Otherlab’s Cardboard Drone – “A Pizza Box… Shaped into a Wing”

Dean Sigler Batteries, Electric Aircraft Materials, Sustainable Aviation Leave a Comment

A disposable drone that will make a one-way trip to a disaster area won’t add to the suffering if it dissolves within a few weeks of delivering its life-saving cargo.  That’s the promise of the “Aerial Platform Supporting Autonomous Resupply Actions” (APSARA), currently being developed by Otherlab, a San Francisco-based group specializing in next-generation creations.  Funded by DARPA (the Defense Advanced Research Projects Agency), APSARA is part of their ICARUS program (Inbound, Controlled, Air-Releasable, Unrecoverable Systems).  The acronyms are becoming overwhelming.

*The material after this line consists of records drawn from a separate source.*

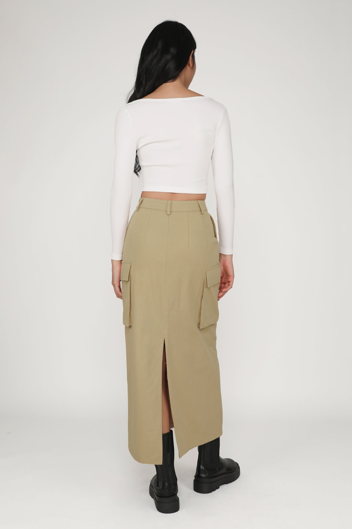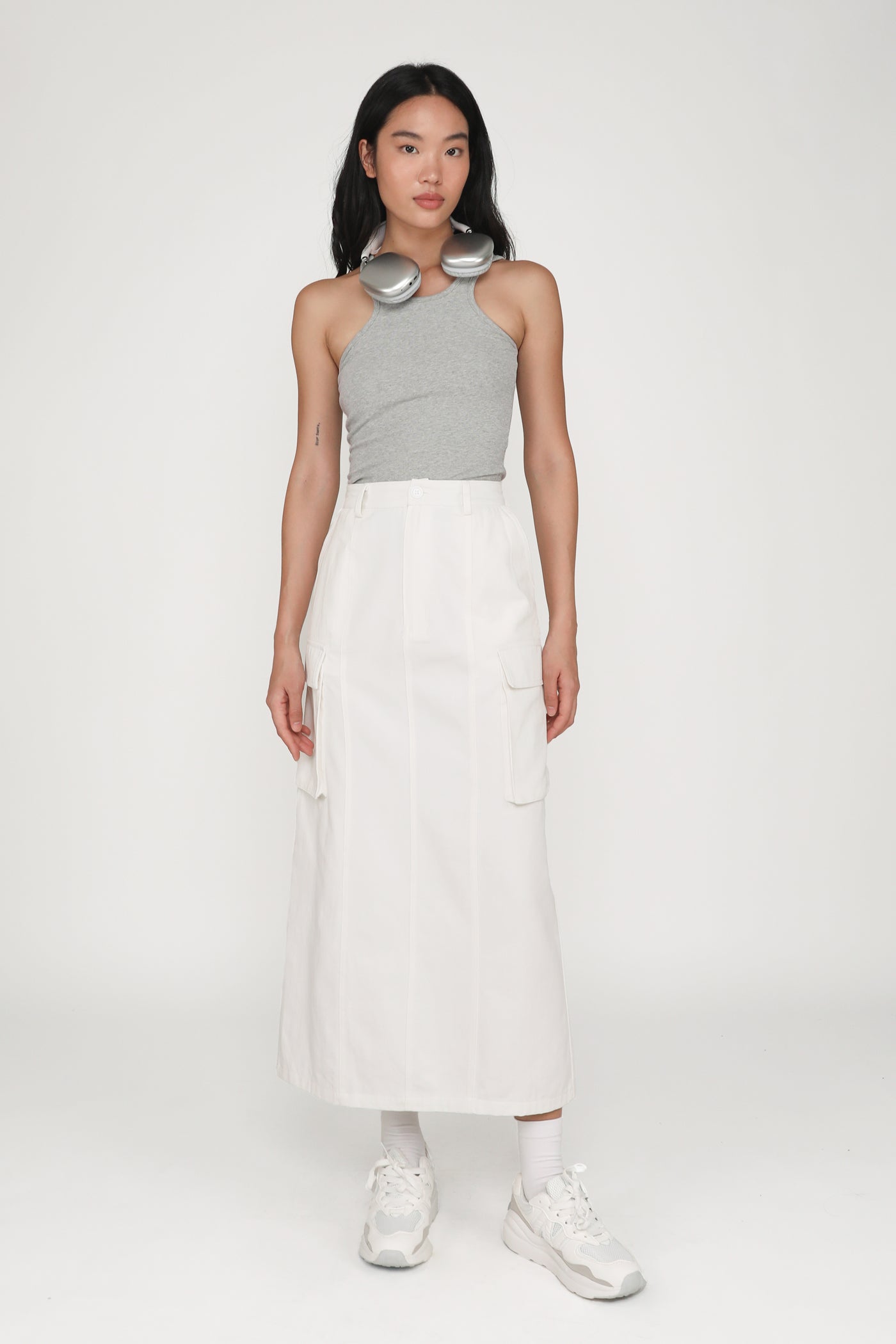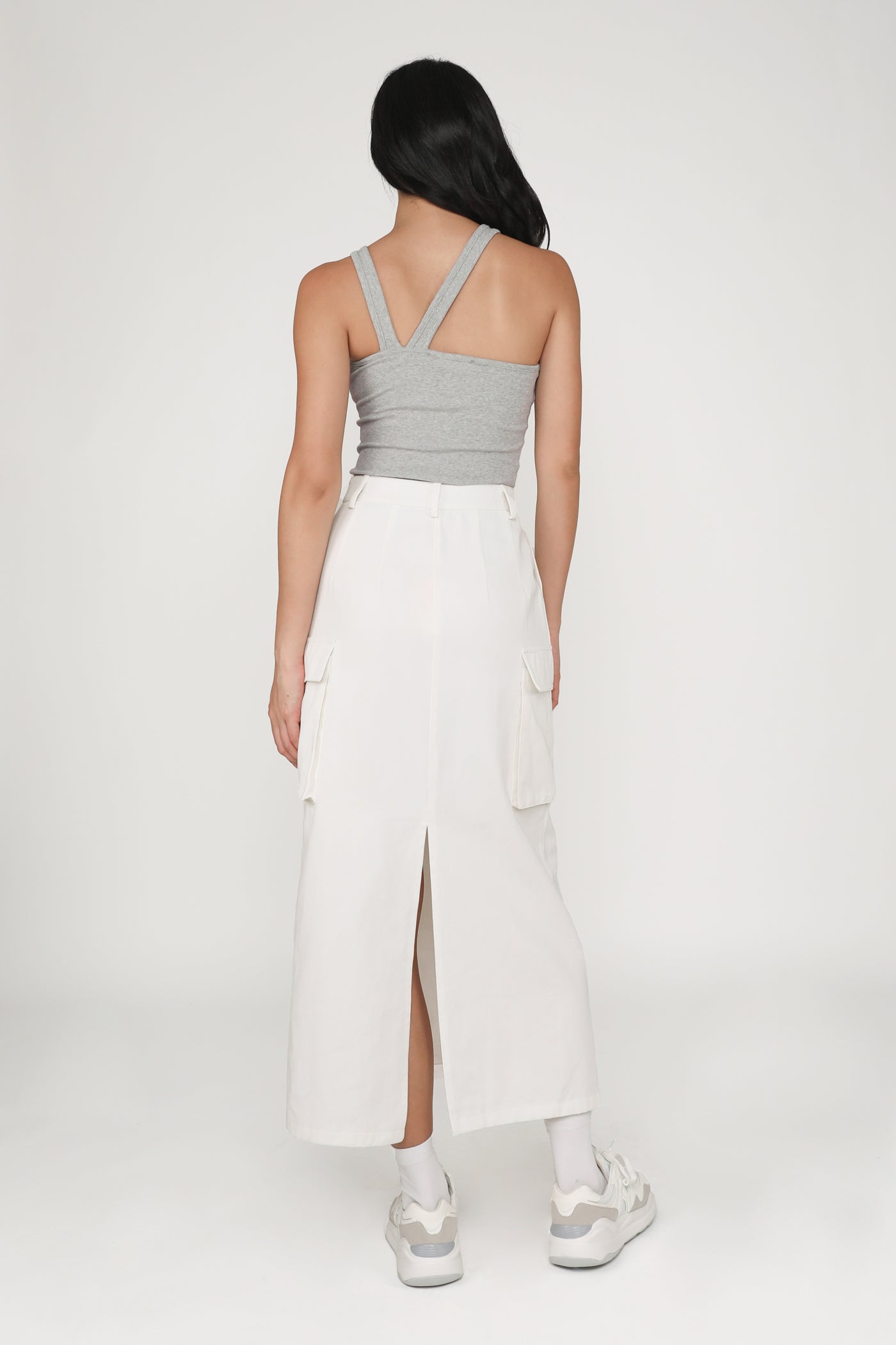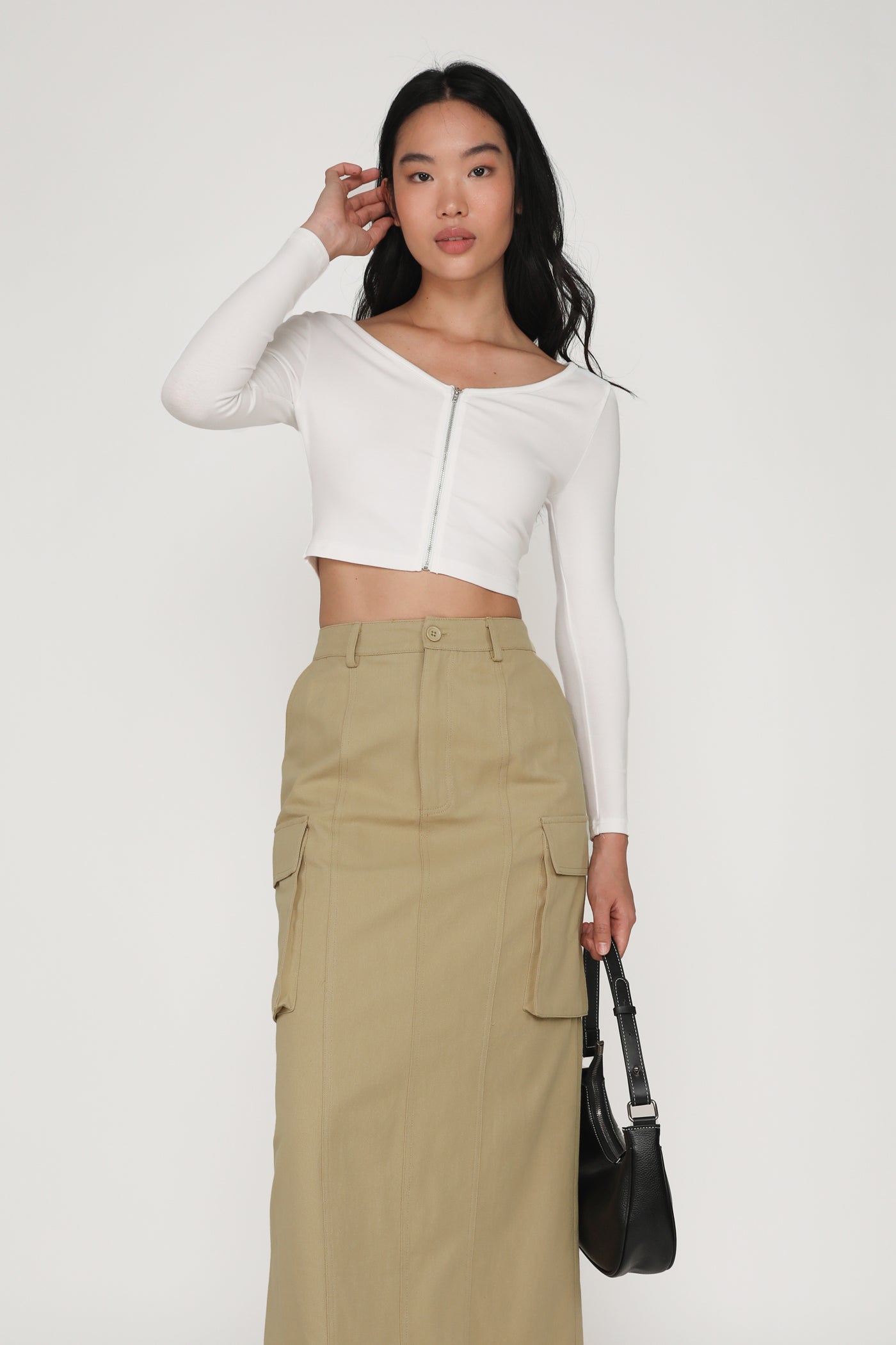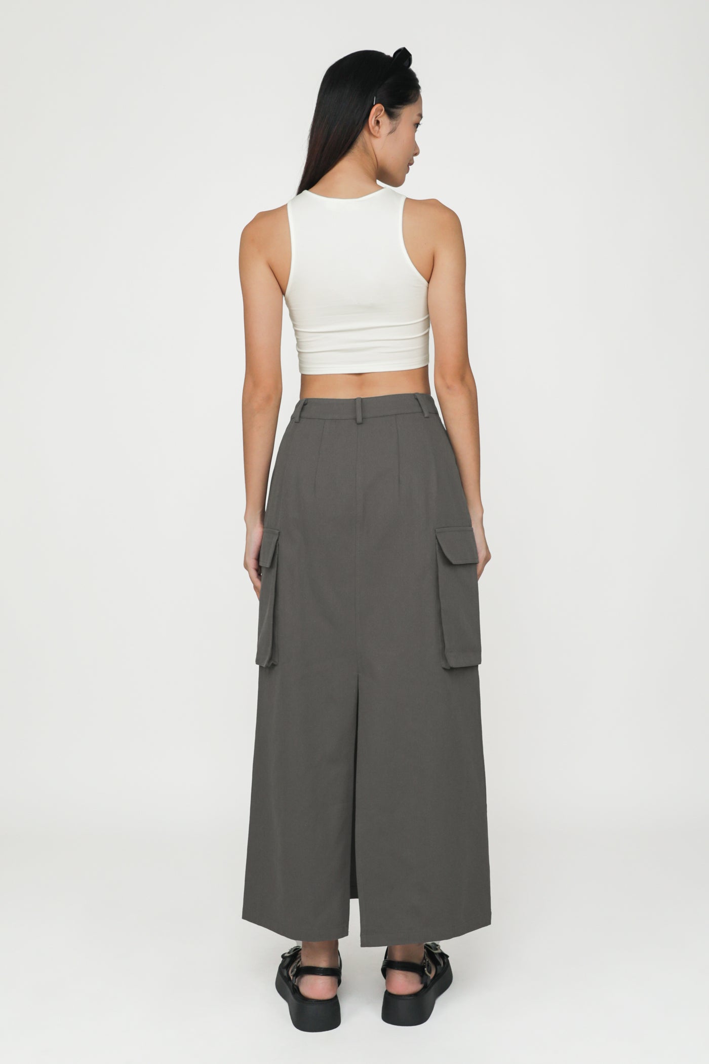 The Callas Cargo Skirt is calling your name! Give your outfits an edgy flair in an instant with Callas Cargo Skirt. This long skirt features utility chic pocket details and a flattering structure. It is a versatile piece to style with your favourite crop tops. Classic and cool, Callas Cargo Skirt is your go-to for an effortless outfit.
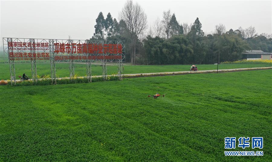 2月24日,在四川省邛崃市固驿镇,农业植保无人机为冬小麦喷洒农药(无人机照片)。 新华社记者 王曦 摄
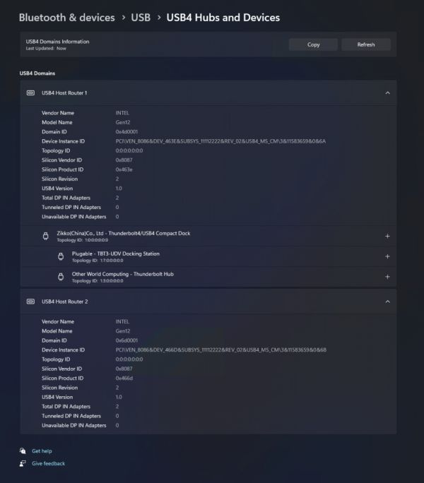 微软正在设置 > 蓝牙和设备 > USB > USB4 Hub 和设备下为用户添加 USB4 Hub 和设备设置页面。USB4 为扩展坞、高性能外围设备、显示器和充电提供了新的生产力场景。USB4 设置页面提供有关系统的 USB4 功能和支持 USB4 的系统上连接的外围设备的信息。如果用户需要设备制造商 (OEM) 或系统管理员的支持,这些旨在帮助进行故障排除。该页面提供的功能包括:
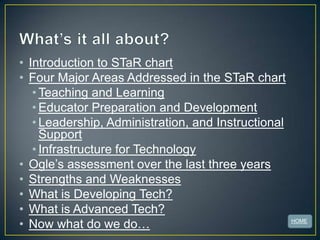 This document discusses Ogle Elementary's assessment of technology integration over the last three years using the STaR chart. It found strengths in infrastructure for technology but weaknesses in teaching and learning, educator preparation, and leadership. The document provides descriptions of developing and advanced levels of technology integration in classrooms and professional development. It emphasizes the need to continue immersing students and teachers in technology to engage students and enhance instruction.
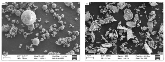 Particle morphologies as determined by secondary electron imaging in SEM: (a) FA and (b) SS.
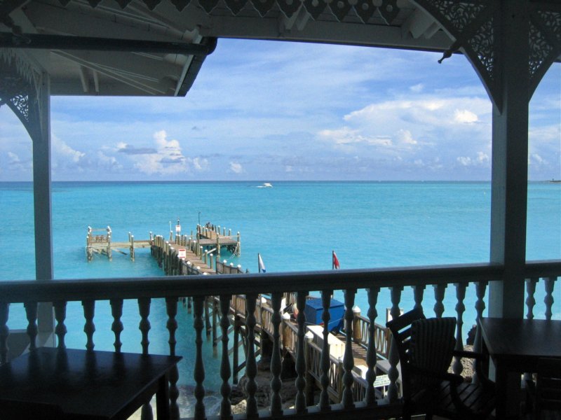 Around the pool area. Note that the concrete is wet from the earlier rain.

Disposable medical supplies are a commonplace in today’s clinics and hospitals.  A recent chat with a nurse elicited her concern that medical supplies were so readily disposable.  Latex or nitrile gloves, single-use syringes, and protective paper covers and wraps make up a considerable amount of medical waste each year.  The materials have the benefit of being inexpensive, though.  That’s part of the thinking behind APSARA.  Instead of a costly powered drone that would represent a significant loss if it crashed in a jungle or desert, APSARA will be made of cheap cardboard, shipped flat to a point of intended use, and readily folded into a flying wing that can carry up to two pounds of life-saving medicine or gear.  And instead of being incinerated like all those latex gloves, the drone will degrade into the landscape and even, possibly, fertilize the native plants.

Star Simpson, in a Digital Trends interview, explained the reasonable expectations for the technology she is helping develop.  “There are two use cases that make the most sense: delivering humanitarian payloads to remote areas lacking suitable road infrastructure, or in cases where it’s worth minimizing human exposure, transporting blood, vaccines, and other medical supplies.  Alternately, [these vehicles] may also enable the delivery of other equipment, such as batteries, to specific locations. We enable distributed delivery with precise landings, solving the ‘last leg’ problem for battlefield or low-infrastructure locations, and also reduce supply chain vulnerability in those cases.”

The cardboard will readily dissolve into the surrounding terrain, but what about the electronics that help guide the flying pizza box to its destination?  An earlier DARPA program, Vanishing Programmable Resources (VAPR), was “intended to create self-destructing electronic devices able to stop high-tech military equipment falling into enemy hands.”  Electronics on Otherlab’s drone might include GPS guidance units and flap actuators.

Otherlab drones could drop from large cargo planes, cover an area the size of California

Unlike powered drones with limited range, Otherlab’s concept could be widely dispersed from large craft such as C-17s or C-130s, ostensibly covering an area the size of California with targeted deliveries.